Каково это – быть Маугли, сыном женщины, которая никому не интересна, которая была столь хладнокровно выброшена его отцом и где‑то во тьме внешней погибла одной из тех тысяч и мириад смертей, что постигают забытых всеми бедняков? Впоследствии, когда клятва молчания была нарушена, я услышал от Апу шокирующую историю. Настал момент, когда у старика что‑то разладилось в отношениях с их матерью. Он гневался, она кричала в ответ. Тут я выпрямился и стал вслушиваться, потому что впервые в моих разговорах с Голденами женщина без имени и лица – супруга Нерона (с древности это звание не сулило счастья) выступила на авансцену и открыла рот, а также потому, что, согласно этому рассказу, Нерон орал и вопил, и она вопила и орала в ответ. Это не было похоже на того Нерона, какого я знал – того, кто держал свой гнев под контролем и позволял прорываться только самохвальным монологам.

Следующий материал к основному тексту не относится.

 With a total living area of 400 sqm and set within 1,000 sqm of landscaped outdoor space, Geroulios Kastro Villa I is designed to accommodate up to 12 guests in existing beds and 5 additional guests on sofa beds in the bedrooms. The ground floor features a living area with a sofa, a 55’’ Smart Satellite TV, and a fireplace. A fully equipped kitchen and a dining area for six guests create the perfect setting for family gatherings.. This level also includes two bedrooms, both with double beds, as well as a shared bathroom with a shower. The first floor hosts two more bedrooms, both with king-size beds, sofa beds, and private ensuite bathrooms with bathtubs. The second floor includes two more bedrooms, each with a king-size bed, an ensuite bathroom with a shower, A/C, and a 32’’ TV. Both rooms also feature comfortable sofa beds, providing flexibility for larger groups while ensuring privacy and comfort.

Так или иначе, после взрыва семья разделилась надвое. Старшие мальчики встали на сторону матери, а Дионис Голден принципиально держался отца и убедил патриарха в том, что его жена, мать Пети и Апу, не в состоянии вести хозяйство. Нерон призвал супругу и забрал у нее ключи. На короткое время Д стал тем, кто всеми командует, заказывает продукты и решает, какую еду готовить на главной кухне и в подсобной. Публичное унижение, лишение чести: понятие этой женщины о чести было неразрывно связано с тем железным кольцом, величественным О диаметром в три дюйма, с которого свисало примерно двадцать ключей, больших и малых, ключ от кладовой, ключи от подвальных сейфов, где хранились золотые слитки и другие секреты богачей, от разных потайных уголков по всему дому, где она скрывала то, о чем ведала только она: старые любовные письма, свадебные украшения, старинные шали. Это был символ ее домашней власти, ее гордость и самоуважение были подвешены к кольцу вместе с ключами. Она была госпожой ключей и без этой роли превращалась в ничто. Через две недели после того, как муж велел ей сдать кольцо, низложенная хозяйка дома попыталась лишить себя жизни. Таблетки были проглочены; Апу и Петя нашли ее, упавшую у подножья мраморной лестницы; примчалась скорая. Она вцепилась в руку сына, и люди из скорой сказали Апу: вы поедете с нами, это важно, что она держится за вас, это она держится за жизнь.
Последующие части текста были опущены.